I am about to kind of. But not financially just in terms of space. Been living (renting) in my parents lovely huge 5 bed house with great views. Buying our own which is 3 bed and a lot smaller. We probably could just have afforded this place but would have stretched ourselves to breaking point. We decided to get a place where we would pay no more than 1/3rd of our joint salaries on the monthly mortgage payment and we found somewhere in the location we wanted that fit the bill so have gone for it.

Would I prefer more space? Yes. But would I prefer not to struggle and to afford holidays and nice things? More than I want a few more square meters in my kitchen, definitely.

Yfronts Fri 11-Jan-13 16:56:45

This is all very interesting as I had never considered that I might regret a move. I'm really sorry to hear that you really miss your old house/space.

We have a good sized old mid terrace house but are thinking of getting a smaller 3 bed semi 1960's house. We wouldn't be mortgage free but would be able to pay it off over about 7 years. But we do love our present home, it's just that our mortgage is 25 years and has been for many moons due to finances.

Yfronts Fri 11-Jan-13 16:59:34

Thanks Angry.

At the moment everything is on a shoes string - holidays/cars/clothes/weekend activities. We have always been very inventive as a result!

Goodwordguide Fri 11-Jan-13 17:01:19

Very interesting as you often read on MN that big houses are over-rated - we're about to upsize and I'm concerned that the house we're buying is too big and we won't need that much space, we're being greedy etc when we'd be better off financially in a smaller place.
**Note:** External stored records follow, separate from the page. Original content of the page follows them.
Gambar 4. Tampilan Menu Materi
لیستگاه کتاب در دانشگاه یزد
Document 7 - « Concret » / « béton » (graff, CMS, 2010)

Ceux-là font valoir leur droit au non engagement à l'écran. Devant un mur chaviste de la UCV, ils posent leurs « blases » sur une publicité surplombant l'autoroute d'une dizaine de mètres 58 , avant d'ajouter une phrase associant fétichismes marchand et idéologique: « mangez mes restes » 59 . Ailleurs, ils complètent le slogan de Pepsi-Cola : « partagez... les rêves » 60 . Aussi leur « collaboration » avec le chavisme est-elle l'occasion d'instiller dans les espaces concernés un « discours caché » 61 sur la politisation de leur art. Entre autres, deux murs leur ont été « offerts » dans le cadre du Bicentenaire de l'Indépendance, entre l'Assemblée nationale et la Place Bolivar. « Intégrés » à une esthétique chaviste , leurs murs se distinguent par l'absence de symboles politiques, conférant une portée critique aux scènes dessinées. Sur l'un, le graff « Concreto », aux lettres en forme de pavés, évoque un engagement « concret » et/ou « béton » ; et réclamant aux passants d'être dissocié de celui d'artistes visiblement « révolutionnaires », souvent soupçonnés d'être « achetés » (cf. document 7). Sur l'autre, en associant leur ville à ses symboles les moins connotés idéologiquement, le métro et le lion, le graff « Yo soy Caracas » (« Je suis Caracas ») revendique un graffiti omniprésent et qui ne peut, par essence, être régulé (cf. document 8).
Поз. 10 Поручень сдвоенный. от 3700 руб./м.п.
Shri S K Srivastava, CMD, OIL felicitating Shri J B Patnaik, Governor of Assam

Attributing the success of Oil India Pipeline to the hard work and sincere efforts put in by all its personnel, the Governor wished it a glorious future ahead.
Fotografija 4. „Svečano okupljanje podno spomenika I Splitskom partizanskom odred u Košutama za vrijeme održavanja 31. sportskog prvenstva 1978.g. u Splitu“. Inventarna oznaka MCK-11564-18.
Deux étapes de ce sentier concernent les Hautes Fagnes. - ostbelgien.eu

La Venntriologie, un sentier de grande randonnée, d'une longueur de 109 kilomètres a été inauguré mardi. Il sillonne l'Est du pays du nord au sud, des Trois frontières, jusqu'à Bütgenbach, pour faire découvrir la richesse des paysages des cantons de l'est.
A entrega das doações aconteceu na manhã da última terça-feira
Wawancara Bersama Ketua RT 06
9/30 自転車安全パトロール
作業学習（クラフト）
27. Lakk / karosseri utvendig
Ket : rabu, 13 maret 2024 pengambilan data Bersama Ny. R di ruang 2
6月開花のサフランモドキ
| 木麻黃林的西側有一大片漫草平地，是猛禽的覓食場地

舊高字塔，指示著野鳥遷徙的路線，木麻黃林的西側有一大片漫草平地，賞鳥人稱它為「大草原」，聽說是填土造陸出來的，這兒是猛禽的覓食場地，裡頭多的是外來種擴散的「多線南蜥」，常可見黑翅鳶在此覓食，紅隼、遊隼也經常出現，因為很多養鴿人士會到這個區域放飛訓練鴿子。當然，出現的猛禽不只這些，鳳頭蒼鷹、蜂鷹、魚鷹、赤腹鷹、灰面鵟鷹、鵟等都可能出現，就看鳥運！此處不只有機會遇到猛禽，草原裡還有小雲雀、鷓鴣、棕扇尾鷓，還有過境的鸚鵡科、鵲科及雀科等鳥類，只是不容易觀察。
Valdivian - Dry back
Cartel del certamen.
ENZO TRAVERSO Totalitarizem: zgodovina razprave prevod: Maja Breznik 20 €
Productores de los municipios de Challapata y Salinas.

But we are bursting at the seams in the current house - and not being able to have people over either to eat or stay is a major gripe of mine (my family live far away and can't visit at the moment). Interesting to hear both sides.
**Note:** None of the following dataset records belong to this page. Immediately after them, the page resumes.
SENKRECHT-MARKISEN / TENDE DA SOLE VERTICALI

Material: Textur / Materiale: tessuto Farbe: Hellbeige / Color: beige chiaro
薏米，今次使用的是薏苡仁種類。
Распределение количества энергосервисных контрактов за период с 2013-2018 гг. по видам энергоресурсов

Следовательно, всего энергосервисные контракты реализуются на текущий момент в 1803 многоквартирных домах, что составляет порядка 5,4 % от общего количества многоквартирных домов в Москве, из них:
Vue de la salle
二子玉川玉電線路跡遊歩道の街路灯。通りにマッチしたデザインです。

overthemill Fri 11-Jan-13 17:03:01

we moved to smaller house and regret it a lot. as kids have got bigger we've felt cramped. we have 2 receps in old house, bigger kitchen/diner and bigger bedrooms (tho still 4). Garden is bigger tho but we dont have time to deal with it so it is a mess. i wish we had stayed where we were but we were forced by circs to move and this house was the only one we could find quickly. it is also in a village with no services though very pretty and with wonderful walks, stately home etc.

Toomuchtea Fri 11-Jan-13 17:05:29

We are, I hope, about to downsize, though the new house is if anything slightly bigger than the one we're in. What we're losing is outside space and outbuildings. I know I will really, really miss my garden, and the space, but I won't miss the sheer, grinding effort of keeping it all going. I hope it will all be worth it.

Bumblequeen Fri 11-Jan-13 17:07:20

Interesting post.

Never downsized but we moved to Kent for a 2.5 bedroom house when we could have stretched to a 2.5/3 bedroom flat in least desirable areas in London. Growing up we lived in flats and I yearned for my own front door, front garden and back garden.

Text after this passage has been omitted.